- **ABOUT THIS EXERCISE**: Print only the lines below from the one with "В рамках этой" to the one with "波波维奇感谢自己过世的妻子,还感谢自己其", both included, exactly as they stand. Leave pictures out.

- **MATERIAL SHOWN**:
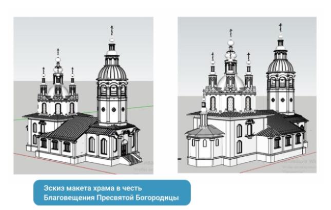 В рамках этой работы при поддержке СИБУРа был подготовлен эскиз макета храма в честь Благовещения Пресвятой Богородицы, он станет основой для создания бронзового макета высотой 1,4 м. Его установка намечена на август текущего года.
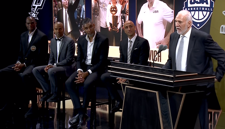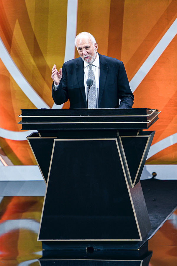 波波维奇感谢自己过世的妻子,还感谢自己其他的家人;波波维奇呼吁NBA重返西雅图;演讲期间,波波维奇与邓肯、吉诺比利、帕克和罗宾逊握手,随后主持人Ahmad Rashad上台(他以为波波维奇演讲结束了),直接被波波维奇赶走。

...

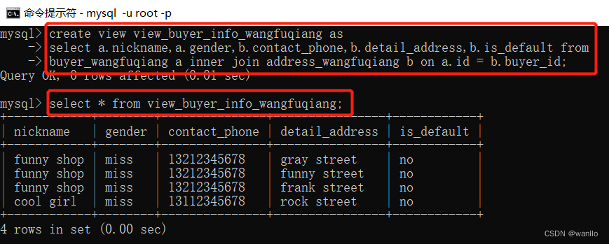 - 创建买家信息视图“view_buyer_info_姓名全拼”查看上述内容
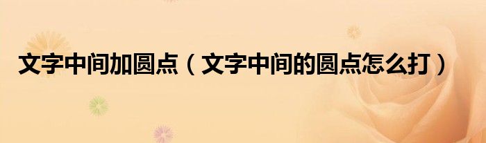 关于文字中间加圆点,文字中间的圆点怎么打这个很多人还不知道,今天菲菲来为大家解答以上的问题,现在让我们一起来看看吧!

--

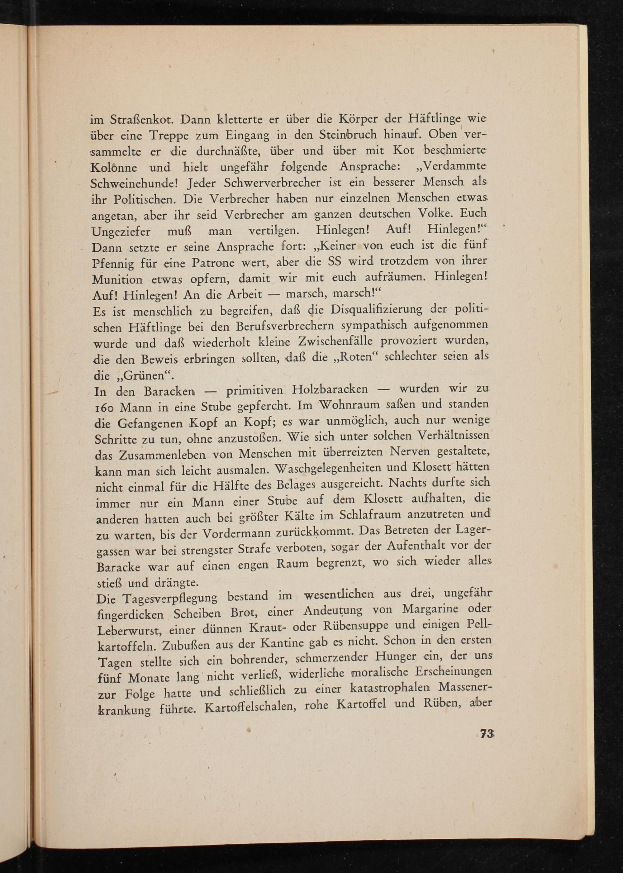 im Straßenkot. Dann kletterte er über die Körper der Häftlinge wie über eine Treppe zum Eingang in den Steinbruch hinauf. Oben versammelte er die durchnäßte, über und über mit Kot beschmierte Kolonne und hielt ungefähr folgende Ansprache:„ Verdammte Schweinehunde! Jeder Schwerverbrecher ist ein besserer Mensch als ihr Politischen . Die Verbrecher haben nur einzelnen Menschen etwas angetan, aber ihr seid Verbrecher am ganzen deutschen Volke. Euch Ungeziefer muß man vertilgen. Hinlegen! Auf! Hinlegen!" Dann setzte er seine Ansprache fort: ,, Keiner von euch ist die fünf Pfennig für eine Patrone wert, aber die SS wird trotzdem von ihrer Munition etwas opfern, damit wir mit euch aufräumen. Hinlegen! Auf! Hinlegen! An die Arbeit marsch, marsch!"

- **WRITTEN RESPONSE**:
 В рамках этой работы при поддержке СИБУРа был подготовлен эскиз макета храма в честь Благовещения Пресвятой Богородицы, он станет основой для создания бронзового макета высотой 1,4 м. Его установка намечена на август текущего года.
 波波维奇感谢自己过世的妻子,还感谢自己其他的家人;波波维奇呼吁NBA重返西雅图;演讲期间,波波维奇与邓肯、吉诺比利、帕克和罗宾逊握手,随后主持人Ahmad Rashad上台(他以为波波维奇演讲结束了),直接被波波维奇赶走。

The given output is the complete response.